Tuesday, April 4, 2017

String Deduplication in Java 8

Java 8 update 20 has introduced a new feature called "String deduplication" which can be used to save memory from duplicate String object in Java application, which can improve the performance of your Java application and prevent java.lang.OutOfMemoryError if your application makes heavy use of String. If you have profiled a Java application to check which object is taking the bulk of memory, you will often find char[] object at the top of the list, which is nothing but internal character array used by String object.

Since from Java 7 onward, String has stopped sharing character array with sub-strings, the memory occupied by String object has gone higher, which had made the problem even worse

The String deduplication is trying to bridge that gap.

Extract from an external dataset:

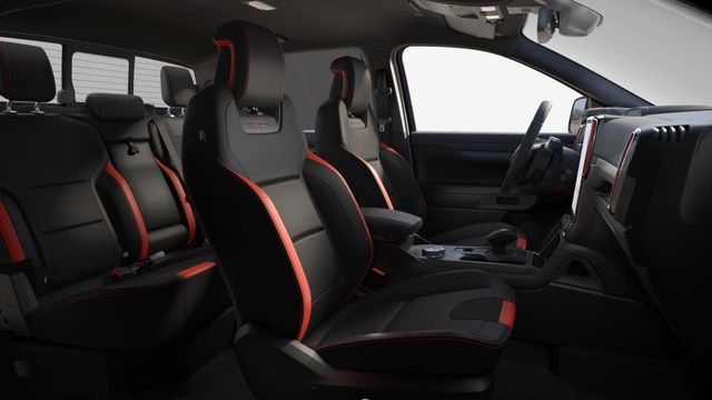 2025 Shadow Black 2025 Ford Ranger Raptor Raptor 4D Crew Cab 4WD 3.0L EcoBoost V6 4WD. 4WD, 10 Speakers, 4-Wheel Disc Brakes, 4.27 Axle Ratio, ABS brakes, Air Conditioning, Alloy wheels, AM/FM radio: SiriusXM, Auto High-beam Headlights, Auto-dimming Rear-View mirror, Automatic temperature control, Brake assist, Compass, Delay-off headlights, Driver door bin, Driver vanity mirror, Dual front impact airbags, Dual front side impact airbags, Electronic Stability Control, Emergency communication system: SYNC 4 911 Assist, Front anti-roll bar, Front Bucket Seats, Front Center Armrest, Front dual zone A/C, Front fog lights, Front reading lights, Front wheel independent suspension, Fully automatic headlights, Garage door transmitter, Heated door mirrors, Heated front seats, Heated steering wheel, Illuminated entry, Leather Shift Knob, Leather steering wheel, Leather-Trimmed Front Heated Bucket Seats, Low tire pressure warning, Memory seat, Navigation system: Connected Navigation, Occupant sensing airbag, Outside temperature display, Overhead airbag, Overhead console, Panic alarm, Passenger door bin, Passenger vanity mirror, Power door mirrors, Power driver seat, Power passenger seat, Power steering, Power windows, Radio: B&O Sound System by Bang & Olufsen, Rain sensing wipers, Rear reading lights, Rear seat center armrest, Rear step bumper, Rear window defroster, Remote keyless entry, Security system, SiriusXM Satellite Radio, Speed control, Speed-sensing steering, Steering wheel mounted audio controls, SYNC 4A, Telescoping steering wheel, Tilt steering wheel, Traction control, Trip computer, Turn signal indicator mirrors, Variably intermittent wipers, Voltmeter, and Wheels: 17" Gray-Painted Aluminum.

It reduces the memory footprint of String object on the Java Heap space by taking advantage of the fact that many String objects are identical. Instead of each String object pointing to their own character array, identical String object can point to the same character array.

Btw, this is not exactly same as it was before Java 7 update 6, where substring also points to the same character array, but can greatly reduce memory occupied by duplicate String in JVM. Anyway, In this article, you will see how you can enable this feature in Java 8 to reduce memory consumed by duplicate String objects.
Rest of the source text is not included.